Individual survival. The chief means of adaptation to the physical environment is by the selective process. Those who cannot adapt themselves are eliminated, while the more adaptable survive and reproduce their kind, their offspring inheriting their superior powers of adaptation. The selective process is seen most clearly where individuals or groups have moved from one environment to a very different environment, such as the English to India, the Americans to the Philippine Islands, or the Negroes from the southern to the northern states. Such migrations are followed by a higher rate of mortality than was common in the previous environment, indicating the elimination of those incapable of adjusting themselves to the changed conditions. The selective process is however always operating to some extent among peoples who remain in a given environment. Infants varying from the normal in such ways as to make adaptation impossible are eliminated; and only those survive who possess the necessary characteristics for adaptation. This continuous process of adjustment is one of the factors in a high infant mortality.

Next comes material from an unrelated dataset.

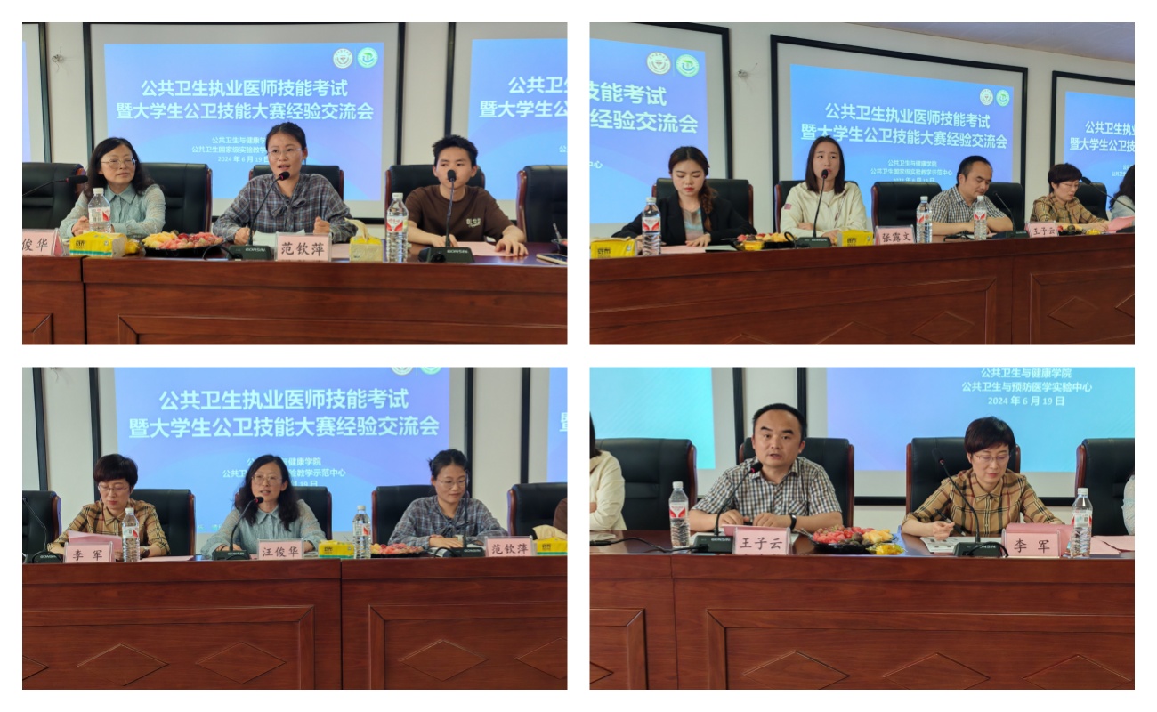 2024年6月19日,tyc33455cc太阳成集团、公共卫生国家级实验教学示范中心主办的公共卫生执业医师技能考试暨老员工公卫技能大赛经验交流会在公卫组团R316多功能报告厅圆满落幕。tyc33455cc太阳成集团李军副经理、第十届中国老员工医学技术技能大赛预防医学专业赛道总决赛铜奖指导教师汪俊华老师和王子云老师、获奖选手范钦萍同学和张露文同学、参加2024年公共卫生执业医师技能考试的7名研究生出席了此次交流会。《公共卫生技能》课程全体授课教师、预防医学专业2019级、2020级100余名员工参加,大会由公共卫生与预防医学实验中心常务副主任游明丹主持。

In addition to the method of selection through elimination another less extreme process of adaptation may also be detected. If changes in the environment are moderate the average individual undergoes certain physical alterations, which after a time leave him better adapted to the new environment than he was at first. Modifications of this kind are made in such cases as changes in altitude or in climate. The body becomes adjusted to new conditions and may then function just as well as in the previous environment. Such bodily changes represent the process of adaptation in those who survive. Those who are unable to make the physical adaptations are much more likely to be eliminated.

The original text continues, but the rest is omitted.